Tattoo artists across the city are getting requests for designs that feature symbols of the protests like umbrellas, gas masks, and Hong Kong’s floral emblem.
tattoo hong kong protest

The ongoing rallies in Hong Kong will be remembered in the years to come for gathering close to two million people to fight for independence from mainland China, but protesters have found another way to immortalise the event -- tattoos.

Tattoo artists across Hong Kong are now flooded with requests to create designs that feature symbols of the protests. These include gas masks, goggles, Hong Kong’s emblem the Bauhinia flower, and umbrellas -- a nod to the 2014 protests known as the Umbrella Movement.


Speaking to the South China Morning Post (SCMP), restaurant employee Sage Victor said he chose delicate designs for his tattoo, done by artist David Zuleta. The 19-year-old, identified only by his first and middles names, moved to Hong Kong from Los Angeles at the age of 13.

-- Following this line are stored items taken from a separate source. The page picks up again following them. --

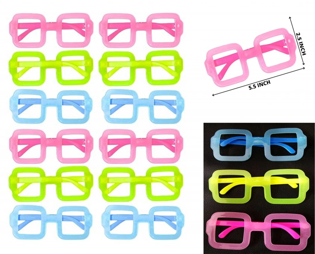 Mey İthalat® Fosforlu Kare Model Glow Parti Gözlüğü Karanlıkta Yanan Gözlükler 12 Adet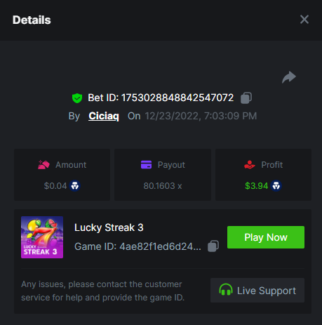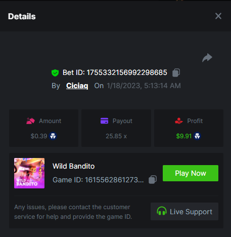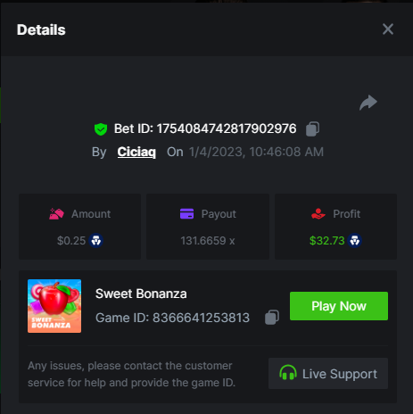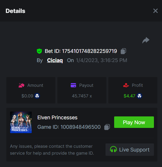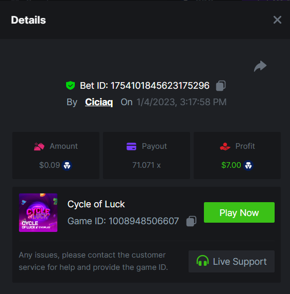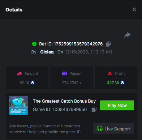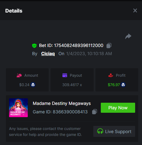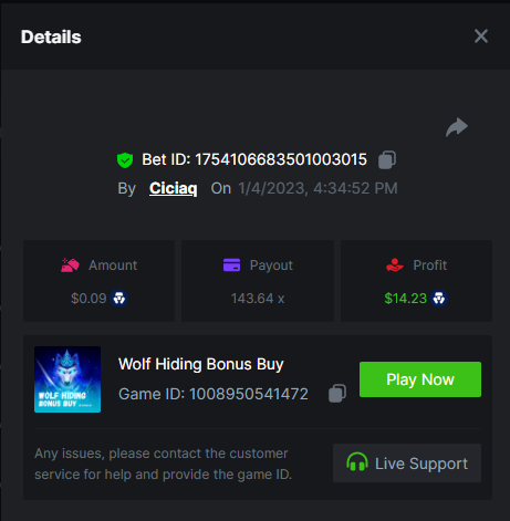 Wolf hiding bonus buy - 143.64x https://bc.game/#/sd/110ORR7MEZ3GUR Elven Princesses - 45.75x https://bc.game/#/sd/110OMVCRMYPBTF Mega Greatest Catch - 100x https://bc.game/#/sd/110OC2PEI3JR4J Cycle Of Luck - 71.07x https://bc.game/#/sd/110OMXKPD9LLOZ Collapsed Castle - 100.1x https://bc.game/#/sd/110NL8OBHCZDHV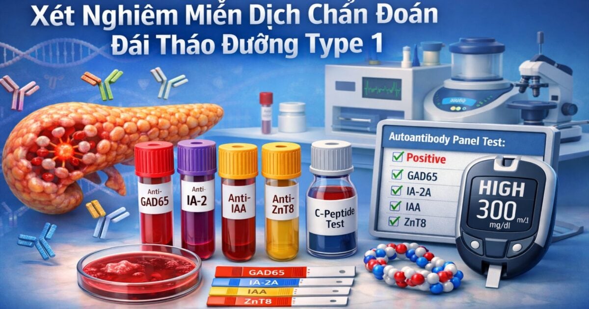 Đái tháo đường type 1 (ĐTĐ T1) là bệnh tự miễn đặc trưng bởi sự phá hủy tế bào beta tụy, dẫn đến thiếu insulin tuyệt đối. Trong thực hành lâm sàng hiện nay, xét nghiệm miễn dịch (autoantibody tests) đóng vai trò trung tâm giúp: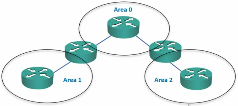 - When multiple areas are in use, each router has individual routes for each IP subnet in its own area, and summary routes to other areas which go via an ABR.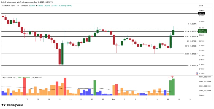 Keita has grown by about 36% yesterday. The jump comes after the launch of a new fiat bridge that makes money transfers between bank accounts and stablecoins faster. The 12-hour chart shows that KTA is testing the $0.36 level to stabilize and pave the way up to $0.43. The Wykoff index also confirms the power of buyers. On the downside, key support is at $0.27.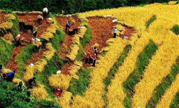 金秋的元陽(yáng)梯田,由于海拔高低不同,一座山坡的梯田形態(tài)各異、顏色不一,黃色由淺變深。這個(gè)時(shí)候是收割的時(shí)節(jié),梯田與勞作的人共同組成了一幅秋收?qǐng)D。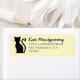 Adressetikett för returnummer med en slimmad svart kattsilhuett över bakgrunden för en pastellgult. Denna enkla och roligt utformning är perfekt för en kattälskare.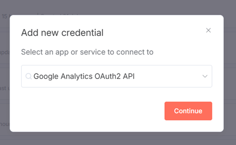 Your ‘Google Analytics’ node in n8n won’t work without first connecting your Google Analytics account to your n8n account.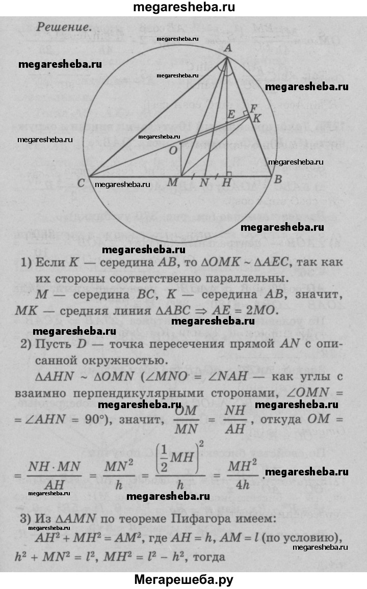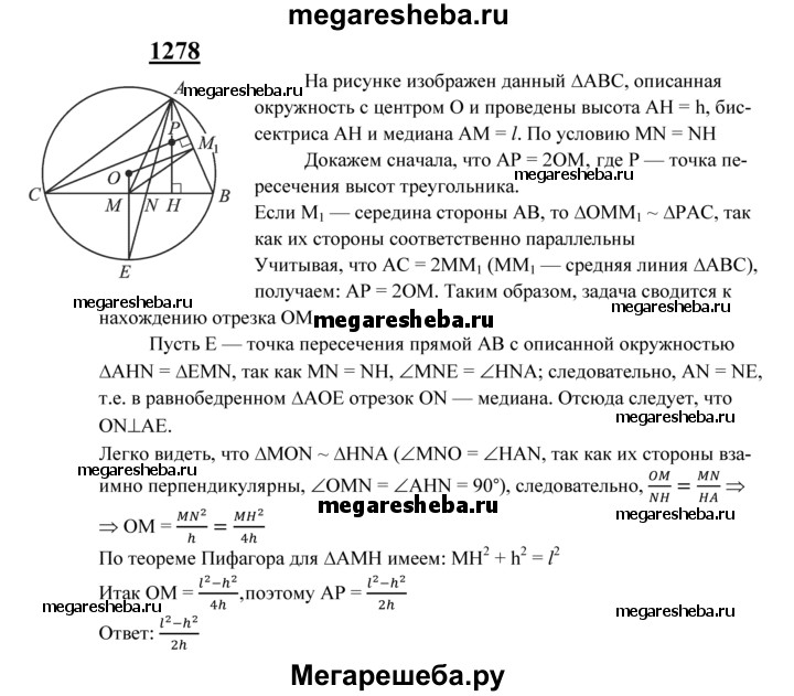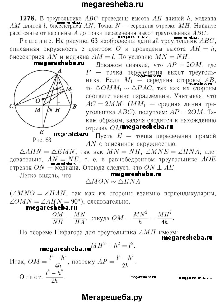 1278 В треугольнике ABC проведены высота АН длиной h, медиана AM длиной I, биссектриса AN. Точка N — середина отрезка МН. Найдите расстояние от вершины А до точки пересечения высот треугольника ABC.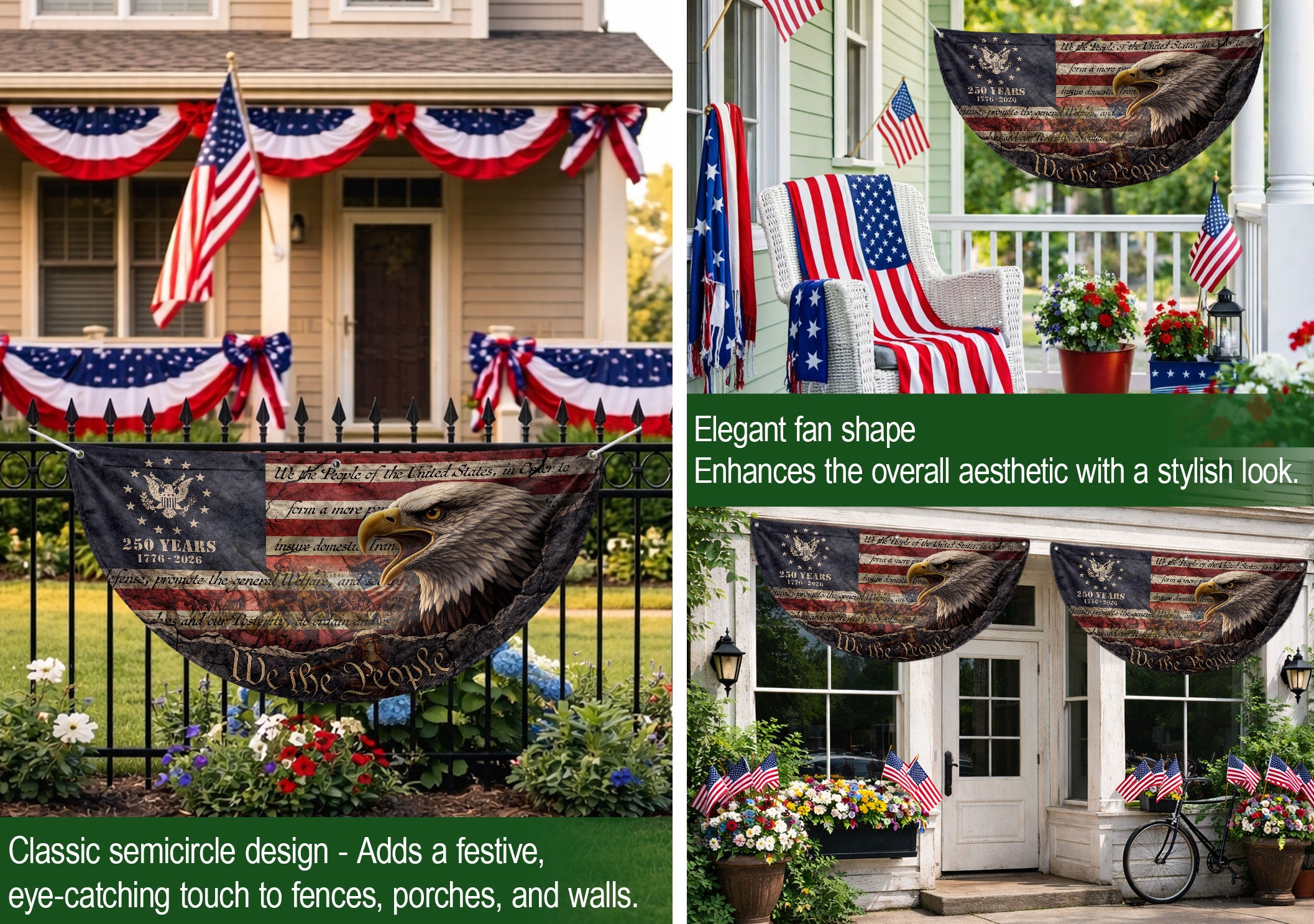 USA 250th Anniversary Fence Flag 1776-2026 American Eagle Patriotic Outdoor Banner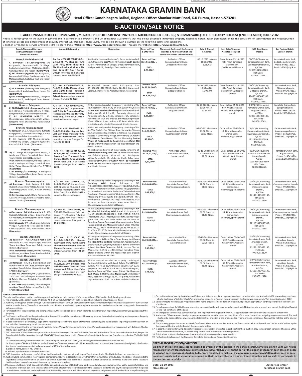 | Contact Details: | Contact The Authorized Officer: Phone No. 9148433764, Email:br2065@kgbk.in. |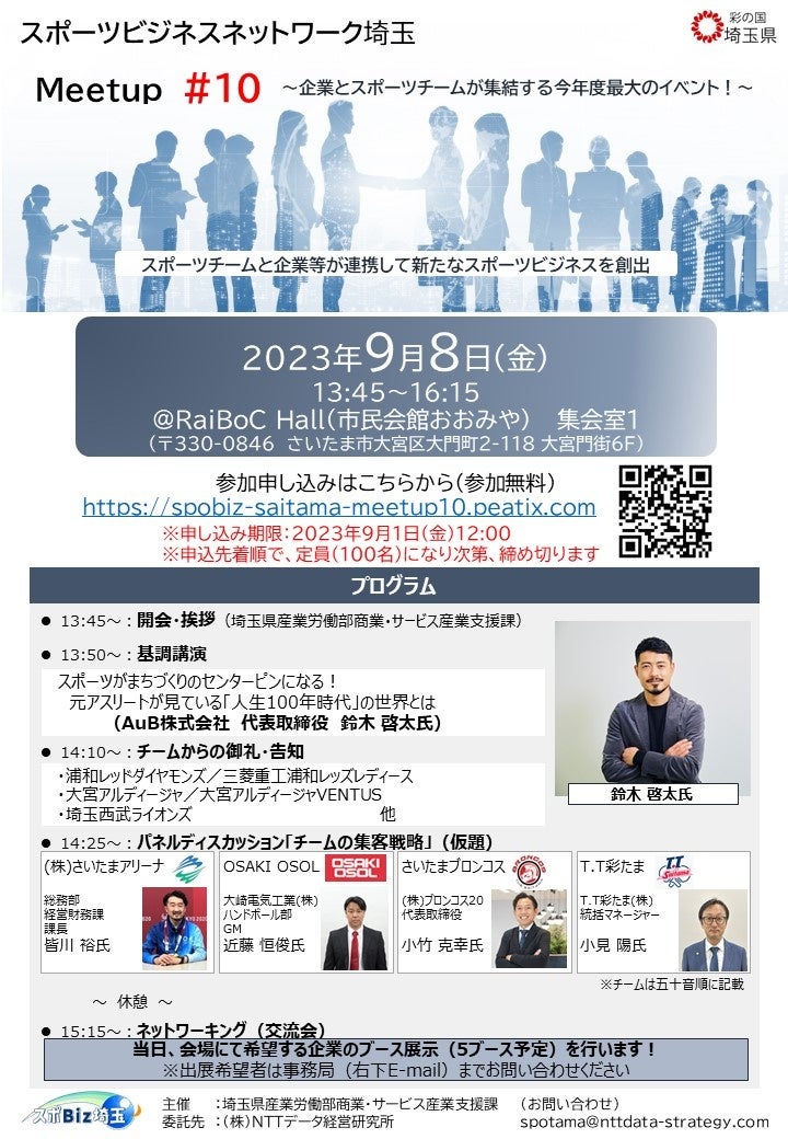 鈴木啓太氏登壇!埼玉県内のスポーツチームと企業が集結するネットワーキングイベントを開催します!
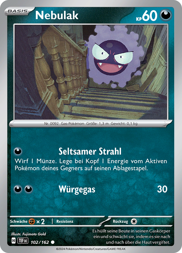 | Kaufen? | Kaufen Sie Ihre Nebulak Pokemon-Karte aus dem Gewalten der Zeit-Erweiterung. |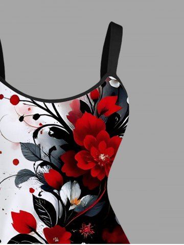 Robes Graphiques > Robe trapèze hawaïenne à imprimé floral, feuilles et branches grande taille tie-dye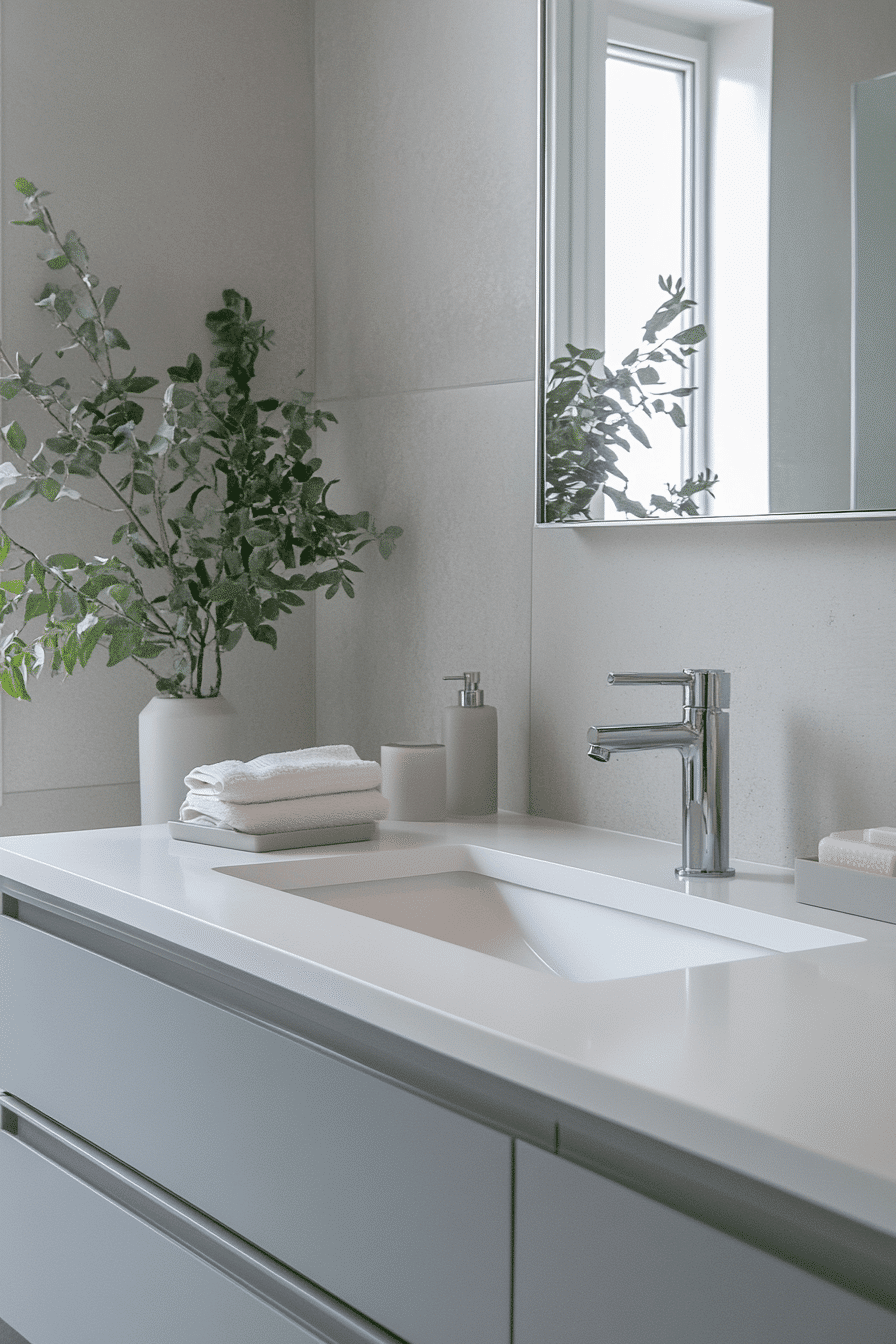 Handleless vanities contribute to a sleek and seamless minimalist bathroom. Push-to-open or recessed pulls eliminate visual noise. The flat cabinetry maintains smooth surfaces that enhance the modern feel. Integrated design makes the room feel more expansive and polished. It’s minimalism at its most functional. Tap now to explore handleless storage solutions in minimalist settings.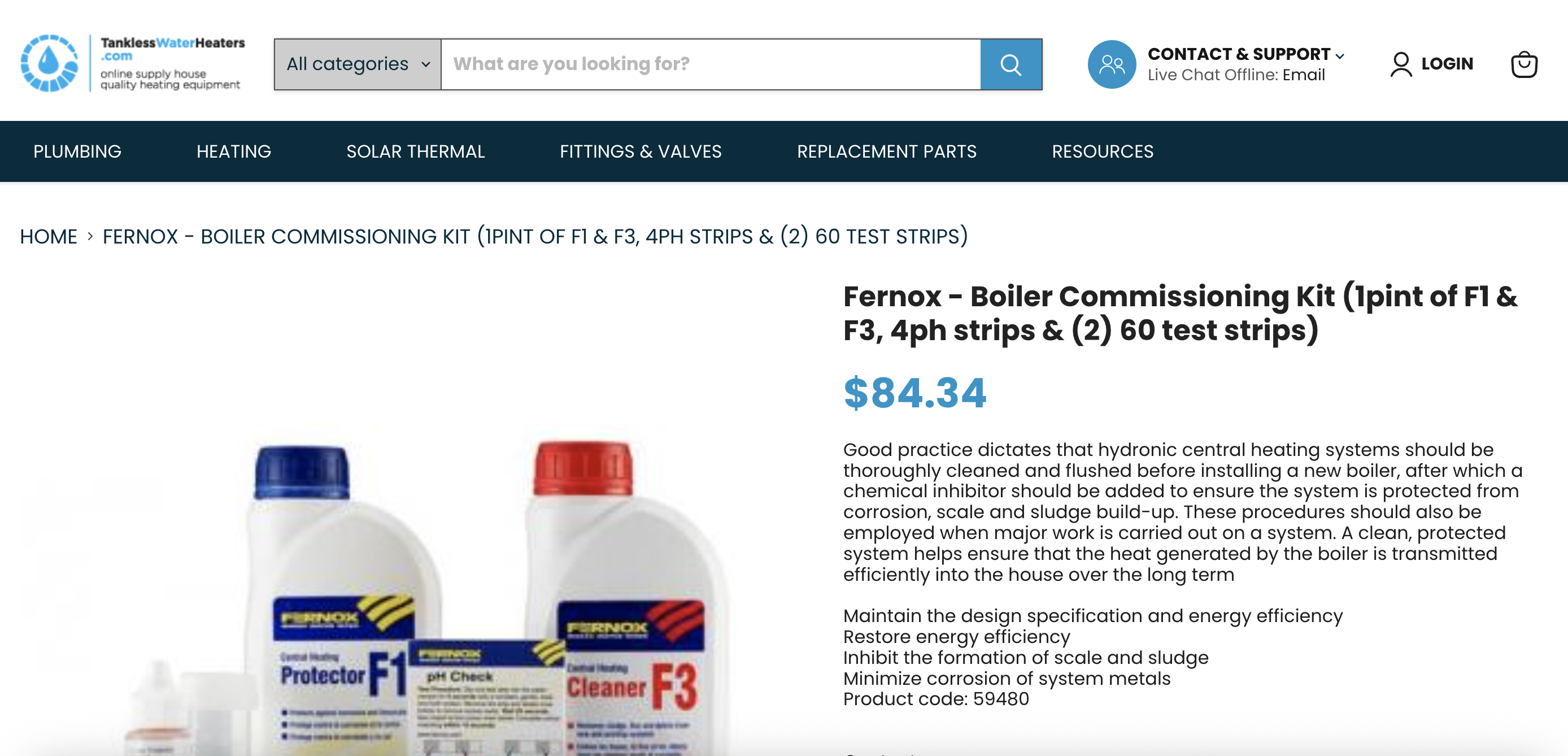 The ProTech 300 I got will last a long time and I'll have some to use in the outdoor boiler too. As far as I can tell it's fine to use, it's marketed for wood boilers, but it says it's good for steel, copper, stainless, brass, and can be mixed in with antifreeze. A gallon is good for 300 gallons, so it'll last a while. My system is maybe 15 gallons Id guess so it'll need like 6 oz.
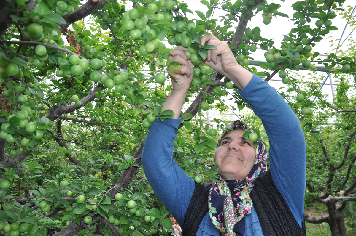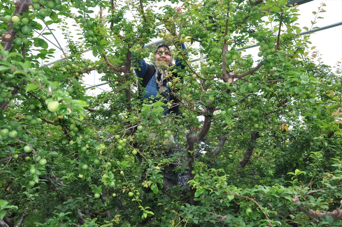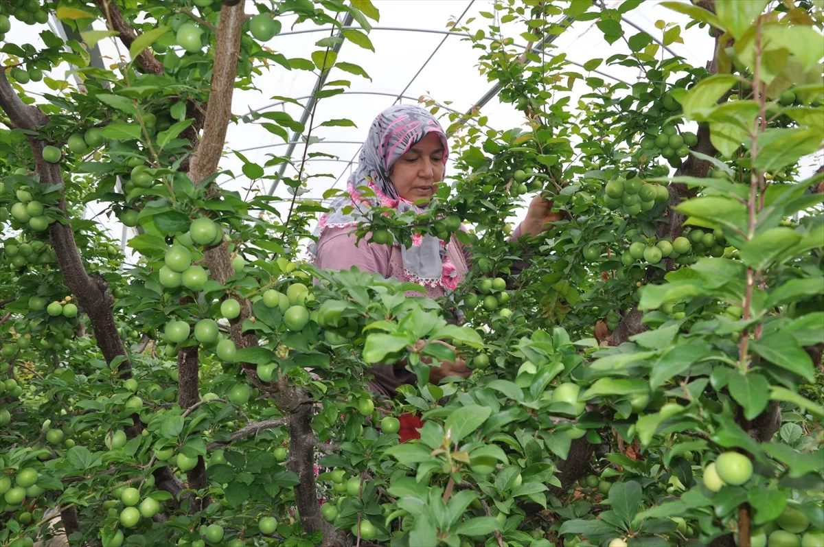 Yaş meyve sebze üretimiyle öne çıkan ilçede, örtü altında yetiştirilen erikte hasat mesaisi devam ediyor.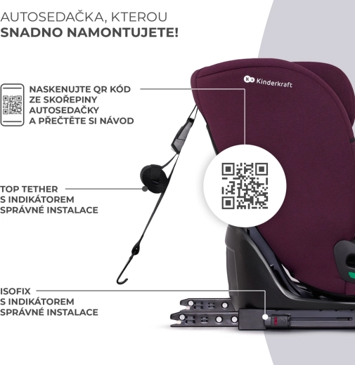 ISOFIX priključki in zgornji pas TOP TETHER z indikatorji pravilne namestitve zagotavljajo hitro montažo in stabilnost sedeža v vozilu.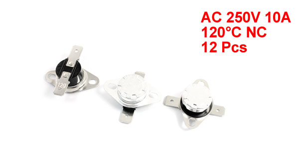 Product Name Temperature Control Switch Model.No KSD301 Action Type Normally Closed(NC) Action Temperature 120°C Voltage & Current AC 250V, 10A Total Size (Each) 34 x 18 x 12mm / 1.3" x 0.71" x 0.47"(L*W*H) Mounting Hole Size 4.5 x 3.5mm/0.18" x 0.14"(L*W) Material Metal, Plastic Color Black, Silver Tone Total Weight 56g Package Content 12 x Temperature Control Switches - Reviews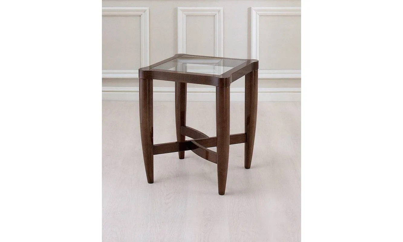 Приставной столик со стеклянной столешницей. Возможны другие варианты отделки.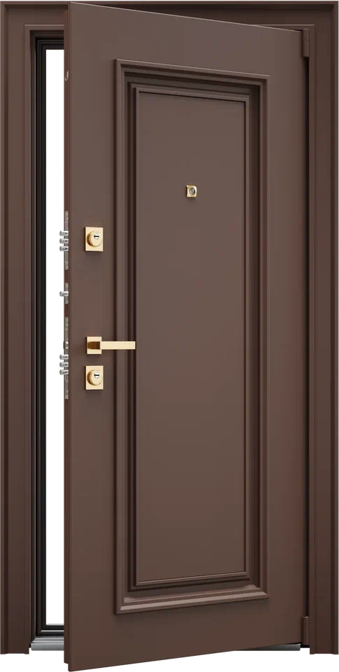 Дверная конструкция обладает максимальной энергоэффективностью, созданная для установки на границе тёплой зоны и холода. Ключевая особенность — наличие терморазрыва в полотне и коробке, а также многослойное утепление. Конструкция предотвращает образование наледи и предусматривает установку греющего кабеля. Ключевые преимущества: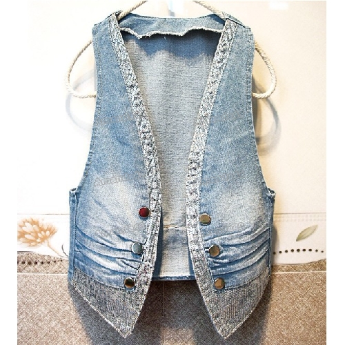 Korean Fashion Light Blue Sequins Summer Waistcoats Denim Slim Female Vest |

On his arm, he got a small gas mask, protesters holding banners, and a man staring down at a tank. The third image was inspired by “tank man,” an icon of the bloody 1989 Tiananmen Square protests in Beijing.

For Sage Victor, the tattoos are a way “to remember the struggles Hong Kong has had and the fight it is still going through.”

He is just one of the many people in Hong Kong who have chosen to get a tattoo to represent protesters’ plight. Over on social media, others have shared that they have done the same.

Artist Zada Lam told the SCMP that he has tattooed 70 to 80 people with these designs, free of charge.

Hong Kong has seen unrelenting protests over the past eleven weeks. Citizens continue their fight for democracy, which was once again sparked in June because of a controversial extradition bill.

The latest rally yesterday saw protesters defying a police ban and peacefully demonstrating at Hong Kong’s Victoria Park. Demonstrators called for Chief Executive Carrie Lam to step down and emphasised their anger at Hong Kong’s police force, which has been criticised for its violent measures against protesters.